Portraits of Life


Screenings: 24, 25, 26 & 28 February 2023

Ster-Kinekor cinemas: Brooklyn Commercial, Pretoria; Rosebank Nouveau Johannesburg; Gateway Commercial, Durban; V&A Waterfront, Cape Town

Running time: 85 minutes

Exhibition on Screen is delighted to bring back one of its most popular films, dedicated to the life and work of Paul Cézanne in a series of limited screenings. Described by The Guardian as “Magical and tremendous”, it’s difficult to appreciate twentieth-century art without understanding the significance and genius of Paul Cézanne.

Filmed at the National Portrait Gallery in London, with additional interviews from experts and curators from the MoMA in New York, the National Gallery of Art in Washington DC, and the Musée d’Orsay in Paris, as well as correspondence from the artist himself, the film transports audiences to the locations where Cézanne lived and worked, shedding light on an artist who is perhaps the least known, yet most important, of all the Impressionists.

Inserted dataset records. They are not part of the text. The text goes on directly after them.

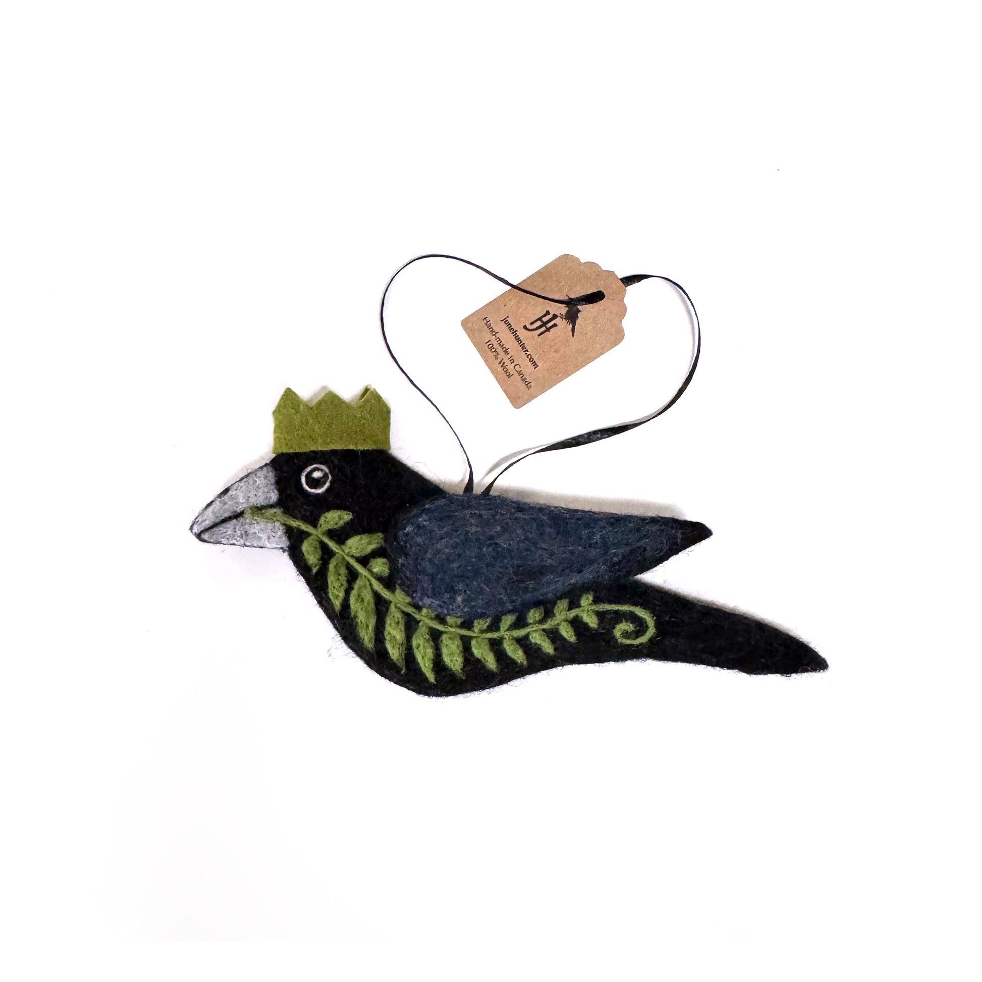 Needle felted crow with festive headgear and trailing fern frond.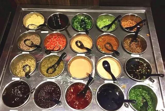 还有超丰富的蘸料,各种口味,任君选择~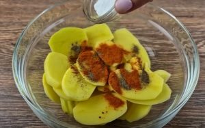 Pokrój ziemniaki w plastry o grubości nie większej niż pół centymetra. W misce wymieszaj je z solą, pieprzem, słodką papryką i olejem roślinnym. Dokładnie wymieszaj, aby ziemniaki dokładnie pokryły się przyprawami i olejem.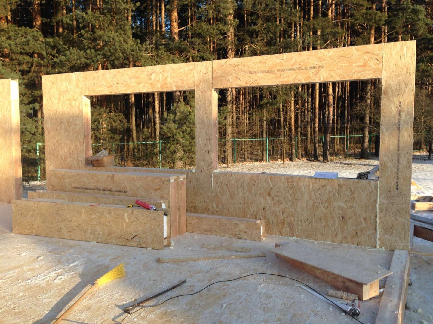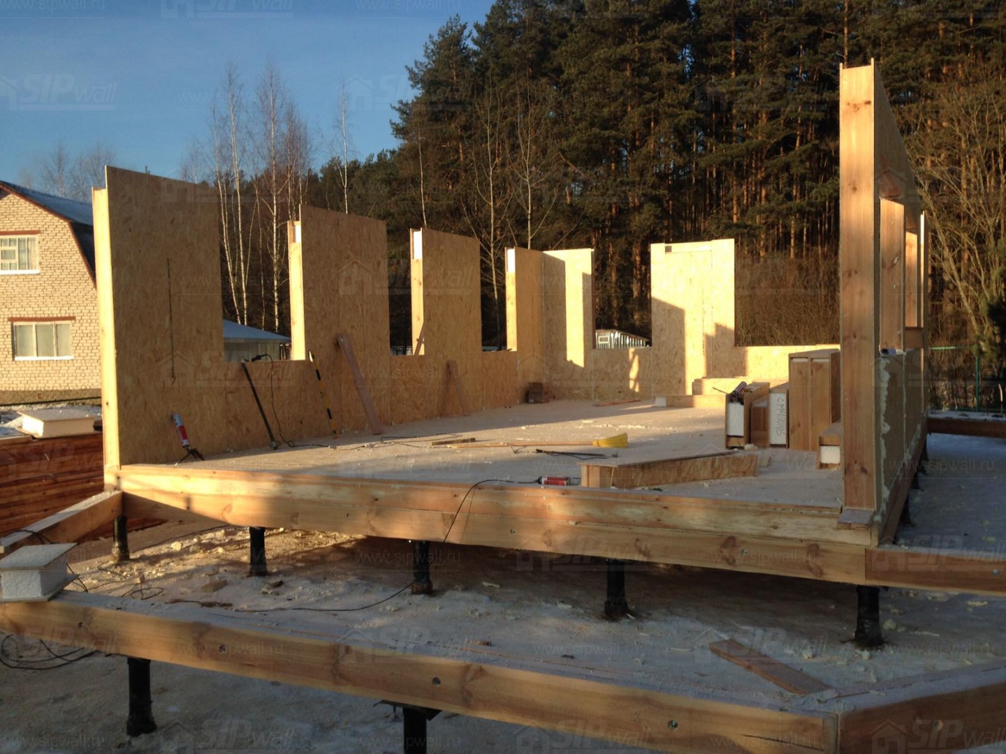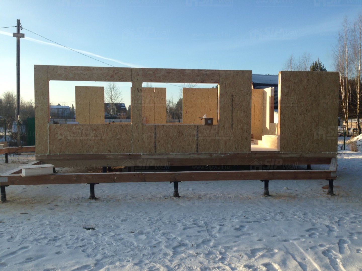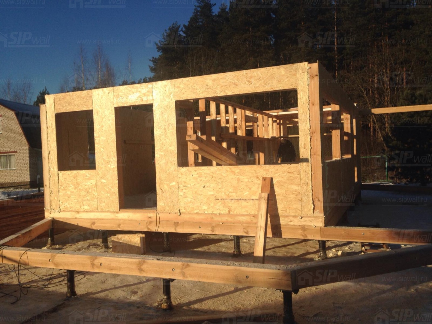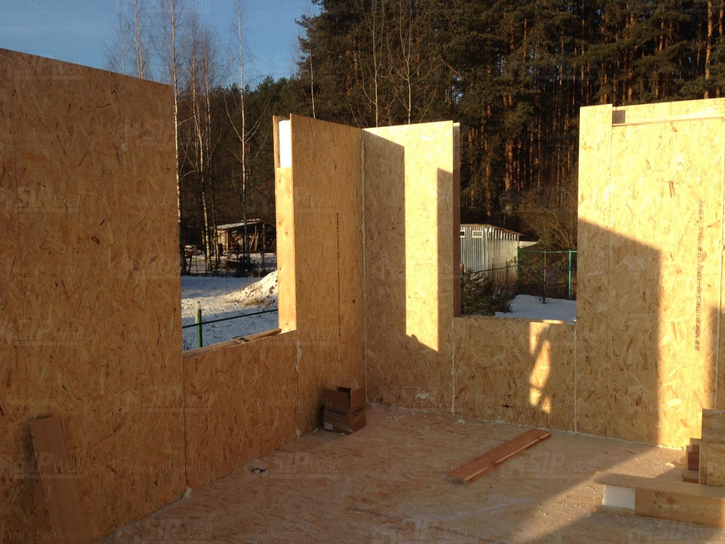 Все СИП панели SIPwall толщиной 224/174/124 мм (плиты OSB-3 толщиной 12 мм "Калевала" Россия и фасадный пенополистирол ППС-14 толщиной 200/150/100 мм производства, Россия) нарезаны и обрусованы сухим строганным брусом камерной сушки в соответствии с проектной документацией.

Writer and Director Phil Grabsky muses… Cézanne was at a café late one day in the early 1870s, shaking hands with a crowd of chatty artists. When he came upon Éduoard Manet he instead tipped his hat declaring “I won’t shake your hand, sir, as I have not washed in 8 days”. It was a wonderful combination of arrogance and humour, respectful yet insolent. And it provides insight into the wonderfully rounded, often misunderstood personality of one of the great 19th and early 20th-century artists, Paul Cézanne.

As much as we enjoy exploring artists from all over history and geography, we keep returning to that extraordinarily fruitful period in France at the end of the nineteenth century: Monet, Renoir, Manet, Degas, Van Gogh, Matisse, Morisot, Cassatt, Whistler… and, most certainly, Paul Cézanne, the man Picasso famously called “the father of us all.”

We waited for a major exhibition that seemed ambitious, comprehensive, and thought-provoking enough for us to make a film about. I knew the moment had come when the director of London’s National Portrait Gallery announced a collaboration with the Musée d’Orsay in Paris and the National Gallery of Art in Washington, DC.

I enjoy biographies, so a Cézanne exhibition based on his portraiture was ideal, if a little unusual. One meets the people who have shaped his life here. With the exception of Rembrandt, there are more than a dozen self-portraits included, which is an unusually large number for an artist. It was nothing new for an artist to paint a self-portrait.

But something happens in the nineteenth century, perhaps to reflect the changing status of artists, or perhaps to reflect the new era of self-absorption, self-criticism, and self-analysis that emerged as the nineteenth century approached the twentieth. Whatever the motivation, this film shows how Cézanne painted his life story.